Note: All analyses were conducted using Spearman's correlation and nonparametric partial correlation tests for sex and age‐adjusting. Table shows the spearman rank correlation coefficient (rho) and p‐values. Statistical significance was defined as p‐value < 0.05, with significant values highlighted in bold.

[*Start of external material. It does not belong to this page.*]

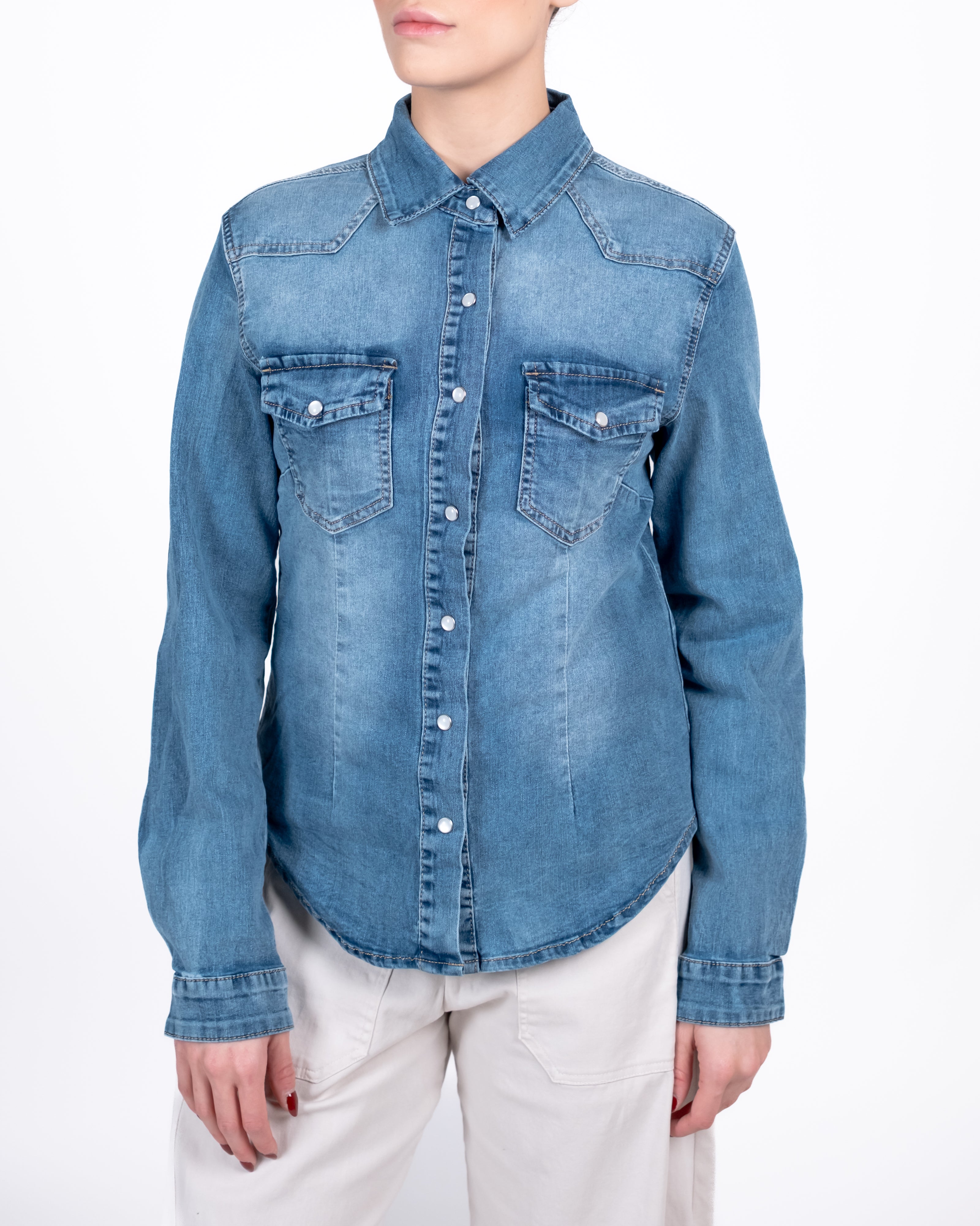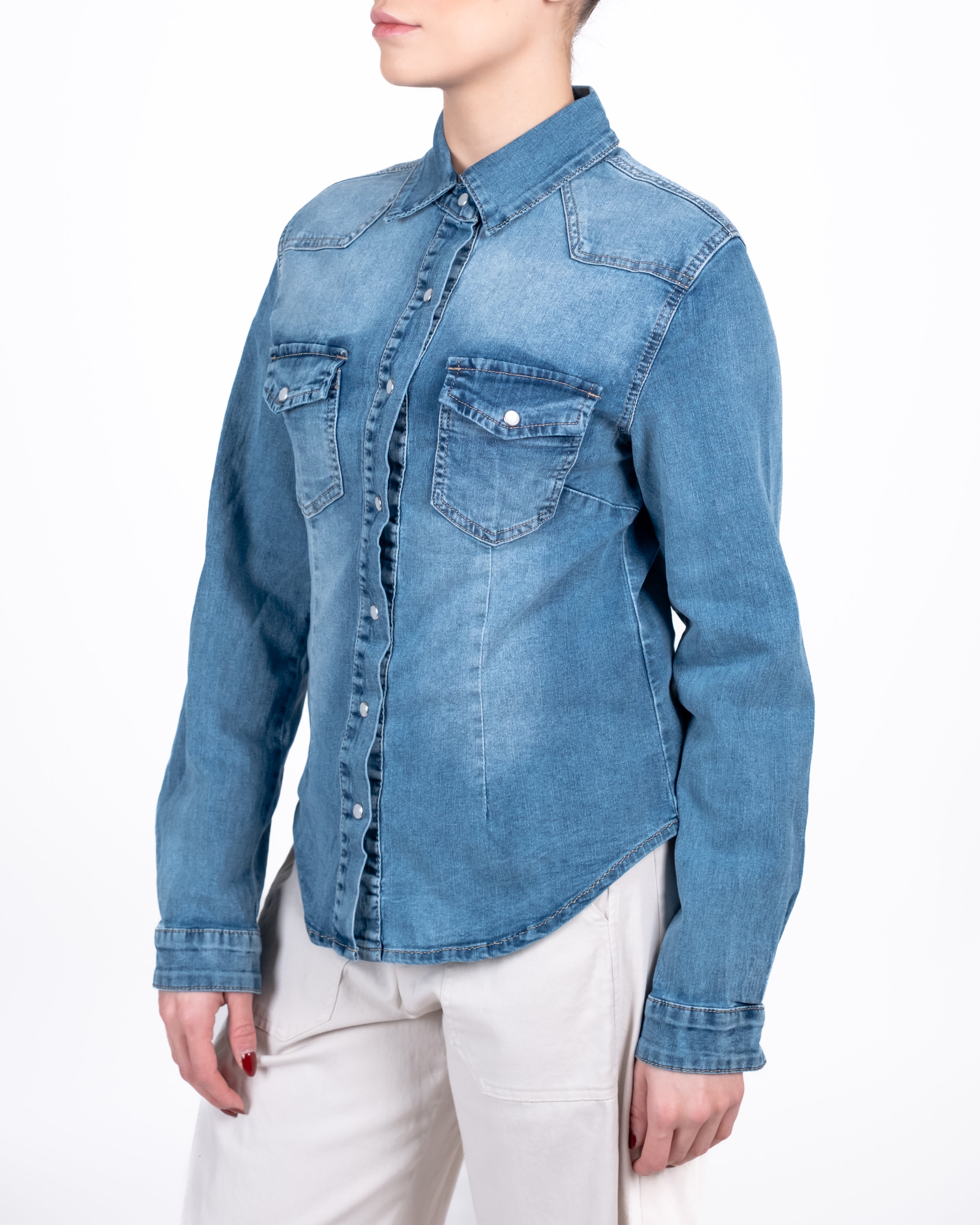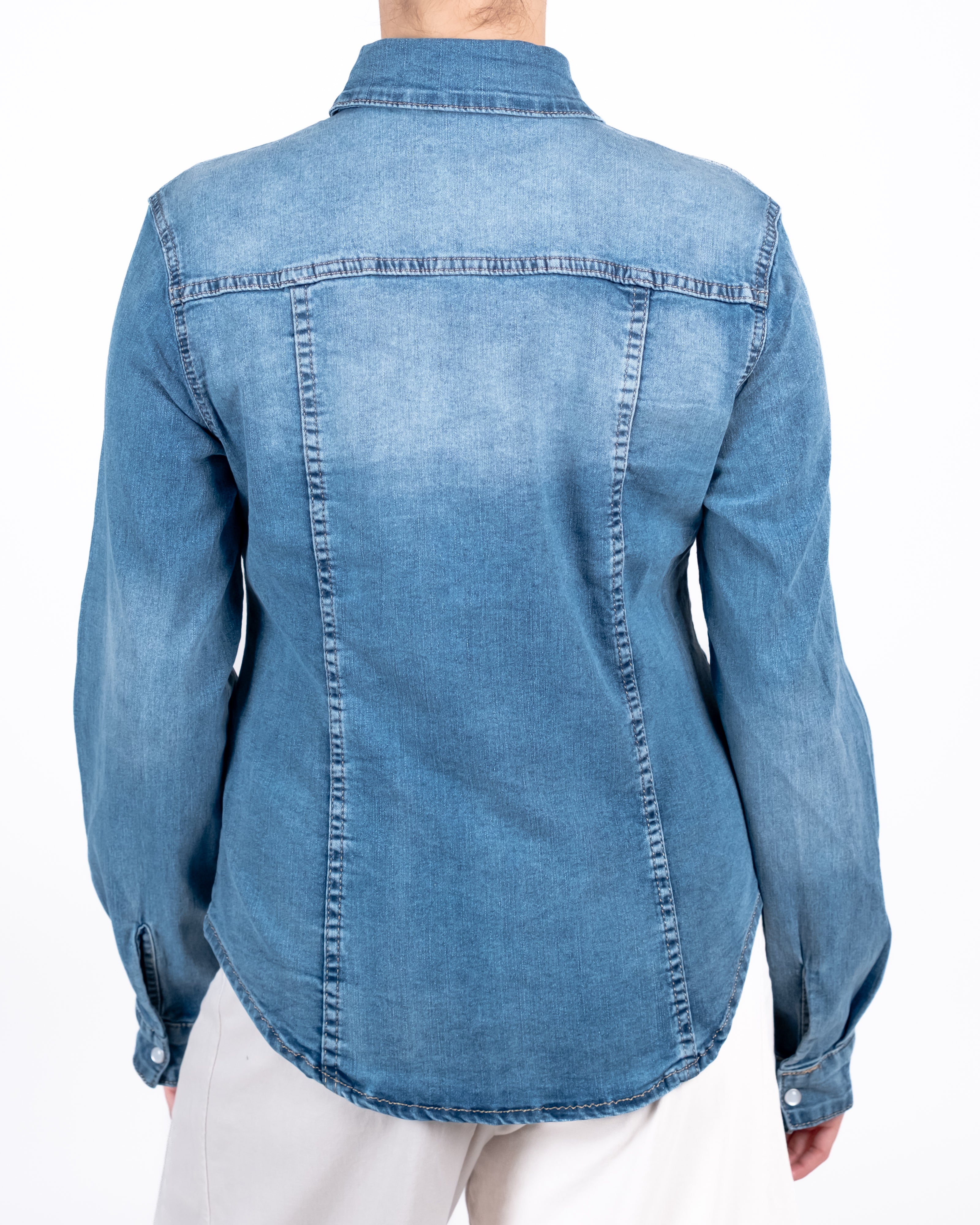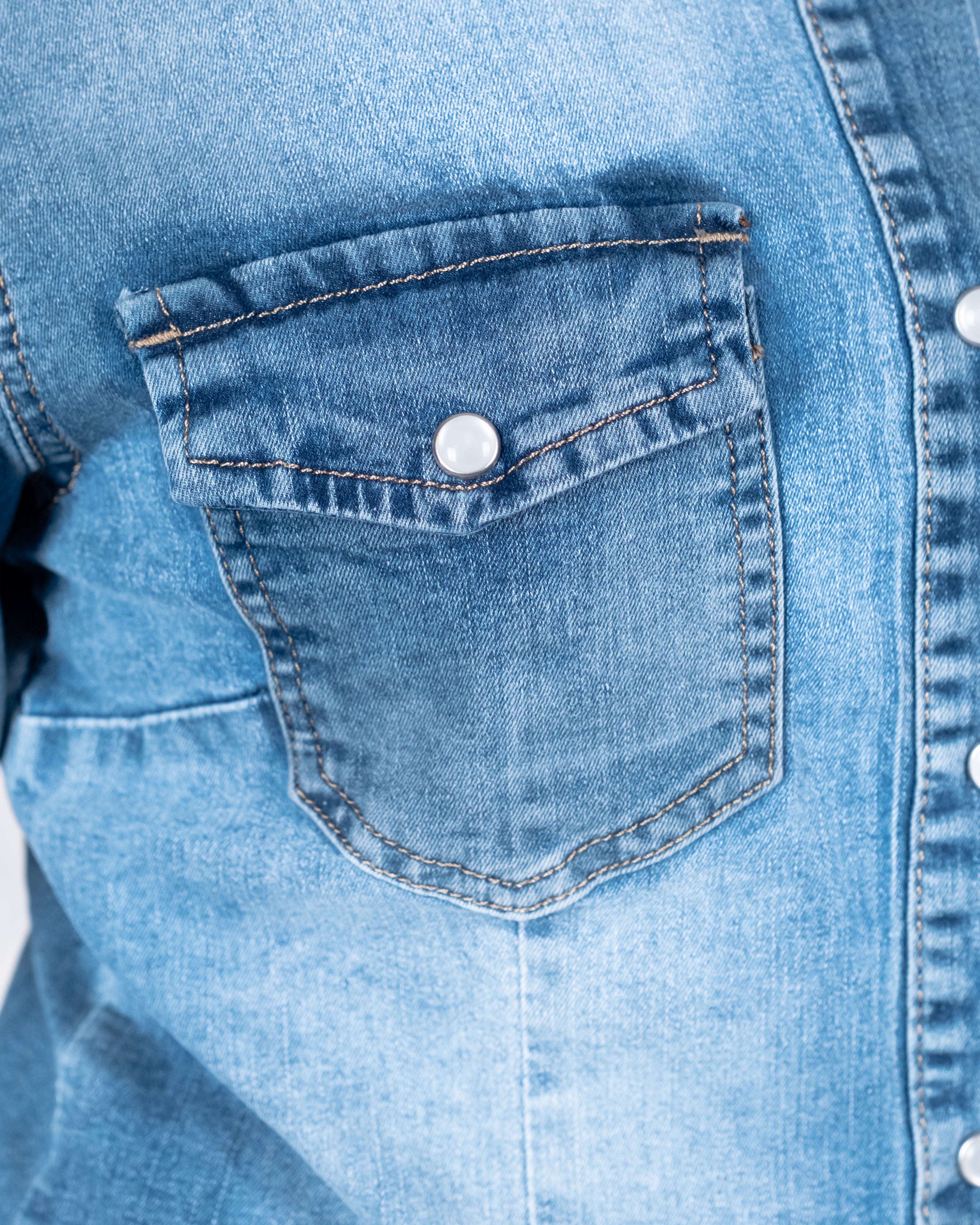 Camicia jeans elasticizzata con tasche e bottoni in madreperla.

Abbreviations: cUHDRS, Composite Unified Huntington Disease Rating Scale; SWRT, Stroop Word Reading Test; SDMT, Symbol Digit Modality Test; TFC, total functional capacity; UHDRS_TMS, Unified Huntington Disease Rating Scale‐Total Motor Score.

4. DISCUSSION

In HD, the identification of early molecular alterations in premanifest individuals, occurring before the motor‐based clinical diagnosis is of outmost importance, as it provides an opportunity to monitor disease progression and achieve clinical management of the patients in an individual manner. Biofluid sRNAs are a promising source of early biomarkers since their expression levels are highly sensitive to physiological and pathological changes. In HD this is reinforced by the fact that sRNAs are profoundly altered in the brain and these perturbations have been directly linked to HD pathogenesis (Creus‐Muncunill et al., 2021; Langfelder et al., 2018; Martí et al., 2010). Thus, in addition to clinical measures, sRNA profiling offers opportunities for the direct quantification of pathobiological processes at the molecular level. In the present study, we have deeply analyzed sRNA profiles in plasma subfractions and uncovered specific EVs‐sRNAs as potential markers to monitor premanifest changes.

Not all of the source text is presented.